Badan Meteorologi, Klimatologi, dan Geofisika memprediksi puncak musim kemarau 2026 terjadi pada Agustus dan mencakup sekitar 61,4% wilayah Indonesia.
Redaksi Cahaya March 5, 2026 3 minutes read
Puncak Musim Kemarau Diprediksi Terjadi pada Agustus 2026

Puncak Musim Kemarau Diprediksi Terjadi pada Agustus 2026. Gambar: Dok. BMKG

Badan Meteorologi, Klimatologi, dan Geofisika (BMKG) memprediksi puncak musim kemarau akan terjadi pada Agustus 2026, mencakup 429 Zona Musim (ZOM) atau sekitar 61,4% wilayah Indonesia.

Prediksi ini disampaikan dalam konferensi pers prakiraan awal musim kemarau 2026 yang digelar di Gedung Multi-Hazard Early Warning System, Jakarta, Rabu (4/3).

Musim Kemarau Datang Lebih Awal

Kepala BMKG, Teuku Faisal Fathani, menyatakan bahwa musim kemarau tahun ini diperkirakan datang lebih awal dibandingkan rata-rata klimatologinya di banyak wilayah.

“Sementara itu, kondisi Indian Ocean Dipole (IOD) diprediksi tetap stabil pada fase netral sepanjang tahun,” ujar Faisal, dikutip dari laman resmi BMKG pada Kamis (5/3).

Kondisi ini dipengaruhi oleh berakhirnya fenomena La Niña lemah pada Februari 2026, yang saat ini telah bergeser ke fase netral.

Selain itu, indeks ENSO yang berada pada angka -0,28 diperkirakan bertahan hingga Juni 2026.

BMKG juga mencatat peluang munculnya El Niño kategori lemah hingga moderat pada pertengahan tahun, dengan probabilitas sekitar 50–60% pada semester kedua 2026.

Musim Kemarau Dimulai Bulan April

BMKG menyampaikan bahwa musim kemarau 2026 ditandai dengan peralihan Angin Baratan (Monsun Asia) menjadi Angin Timuran (Monsun Australia).

Awal musim kemarau diperkirakan datang lebih awal di banyak wilayah Indonesia.

Sebanyak 114 ZOM atau 16,3% wilayah mulai memasuki musim kemarau pada April 2026, meliputi pesisir utara Jawa bagian barat, sebagian besar Jawa Tengah hingga Jawa Timur, Nusa Tenggara Barat (NTB), Nusa Tenggara Timur (NTT), serta sebagian kecil Kalimantan dan Sulawesi.

Selanjutnya, 184 ZOM atau 26,3% wilayah diprediksi mulai kemarau pada Mei 2026, dan 163 ZOM atau 23,3% wilayah pada Juni 2026. Total 325 ZOM atau 46,5% wilayah diprediksi mengalami kemarau lebih awal dari biasanya.

Sementara itu, awal musim kemarau diperkirakan berlangsung normal di 173 ZOM (24,7%) dan mengalami kemunduran di 72 ZOM (10,3%).

Puncak Kemarau

BMKG memperkirakan puncak musim kemarau akan terjadi secara bertahap, dengan dominasi pada Agustus 2026.

Beberapa wilayah juga diperkirakan mengalami puncak kemarau pada Juli dan September.

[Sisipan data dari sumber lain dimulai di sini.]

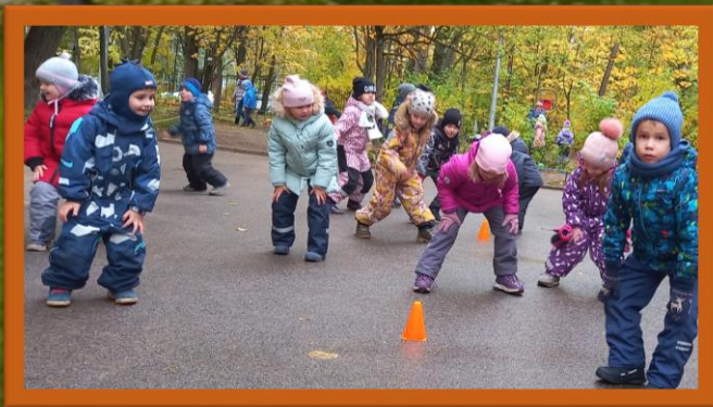
Подвижная игра «Сбей шишки»

Wilayah yang mencapai puncak kemarau pada Juli 2026 mencakup:

  • Sebagian Sumatra
  • Kalimantan bagian tengah dan utara
  • Sebagian kecil Jawa
  • Nusa Tenggara
  • Sulawesi
  • Maluku
  • Wilayah barat Papua

Pada Agustus 2026, puncak kemarau diprediksi meluas dan mendominasi wilayah berikut:

  • Sumatra bagian tengah dan selatan
  • Jawa Tengah hingga Jawa Timur
  • Sebagian besar Kalimantan dan Sulawesi
  • Seluruh wilayah Bali dan Nusa Tenggara
  • Sebagian Maluku dan Papua

Sementara pada September 2026, puncak kemarau diperkirakan terjadi di:

  • Sebagian Lampung
  • Sebagian kecil wilayah Jawa
  • Sebagian besar Nusa Tenggara Timur
  • Wilayah Sulawesi bagian utara dan timur
  • Sebagian besar Maluku Utara
  • Sebagian wilayah Maluku
  • Sebagian kecil Papua

Potensi Kekeringan

BMKG memperkirakan sifat musim kemarau tahun ini akan berada pada kategori bawah normal atau lebih kering dari biasanya di 451 ZOM atau 64,5% wilayah Indonesia.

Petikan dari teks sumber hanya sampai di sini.